Once users identify the files they are interested in through the Data Portal, retrieving the actual data is a separate operation that must be performed against the data’s home repositories. In some cases, the data overlaps between repostories, but depending on the user's interests, it’s likely that downloads will need to occur from multiple repositories. While ICGC strives to consolidate as much as possible, it is an ongoing process that is subject to restrictions imposed by the governance of some data sets.
ICGC data is filtered through the use of facets, much like Advanced Search and Projects. Users can use the facets to check off desired attributes within a project file, and all the files with that attribute will be returned. Filters within the same facet, and across multiple facets can be overlapped. The two types of filters are Donor Filters and File Filters.
Donor Filters correspond to facets that will filter by the donor's attributes. These filters are used if the user is looking for donors of a certain characteristic.
File Filters correspond to facets that will filter by the file's attributes. These filters are used if the user is looking for files of a certain characteristic.
|Filter by a Donor ID|
|Filter by a certain project|
|Filter by the primary affected site of the donor|
|Filter by the specimen type|
|Filter by donors in certain studies|
Each result that returns from the filters can be selected for more details. Selecting a file will bring you to a file entity page, which provides information on the file.

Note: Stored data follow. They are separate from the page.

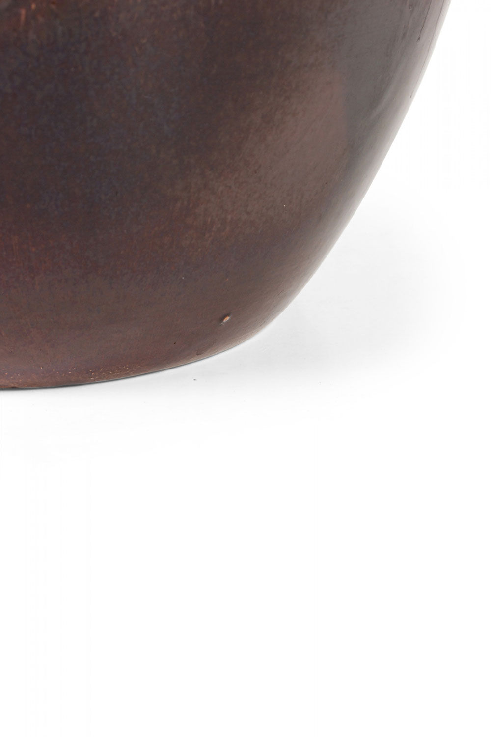West German Mid-Century ceramic vase with a round bulbous form extending to a narrower neck with a pronounced lip and a pitted fat lava glaze that is red on top and black on the bottom. (SCHEURICH, mark on bottom, W. GERMANY 486-38).
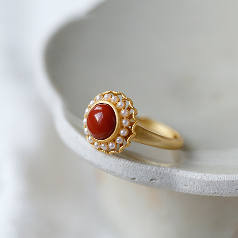 真珠の宮廷風の天然の赤い瑪瑙の指輪の美しい和田の女性の指輪の復古のファッションの女性の指輪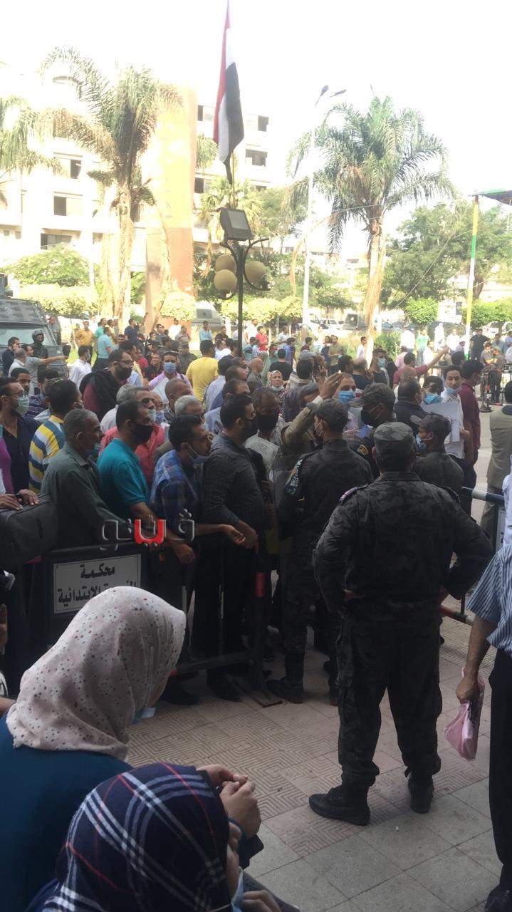 ومع التزاحم انتشرت قوات الأمن وسيارات الأمن المركزي لتطويق مجمع المحاكم لمحاولة فرض السيطرة.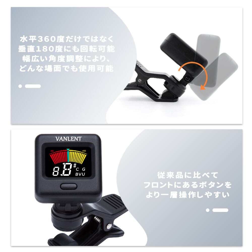 カラフルな液晶ディスプレイに表示が一目瞭然で、音程が合う場合は赤から緑に変わります。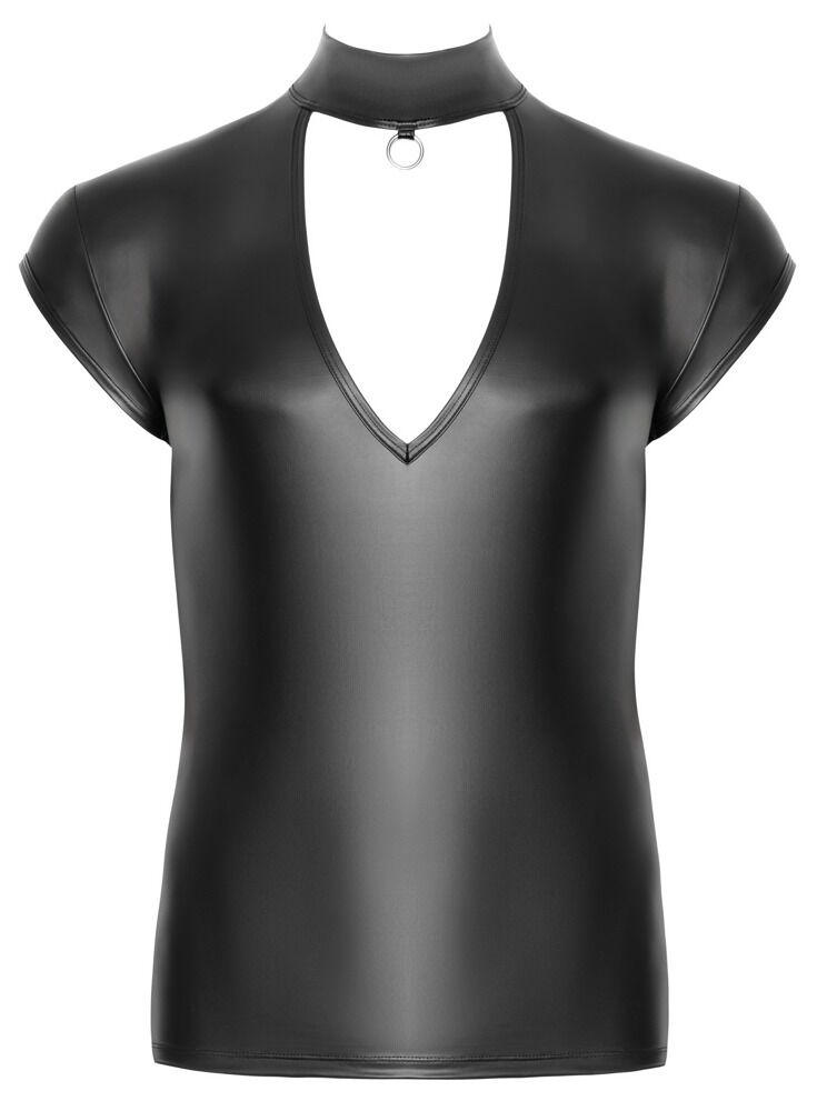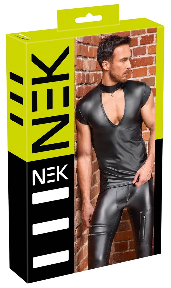 This emphasising, black shirt from NEK is made out of shimming matte look. It has short sleeves and an exciting V-shaped cut-out at the front underneath the striking stand-up collar. There is a ring and the front of the stand-up collar. It is soft and stretchy for a skin-tight but very comfortable fit.

The summary section provides general information on the file.
The File Copies section provides information on the file entity, a means to download Manifest and see/download Metadata for the file.
The Donor section provides information on the Donor that corresponds to the file selected.
The BAM Stats section provides general information on the BAM file selected. This section is only visible if the file selected is a BAM file and the repository the file belongs in is AWS or Collaboratory
After a user has identified the project files they are interested in, using download clients will be necessary to actually retrieve the data from their host repositories. There are currently two different manifest file formats in use at ICGC; XML manifests are specific to GNOS repositories and are used by the
GeneTorrent transfer client. [No longer available]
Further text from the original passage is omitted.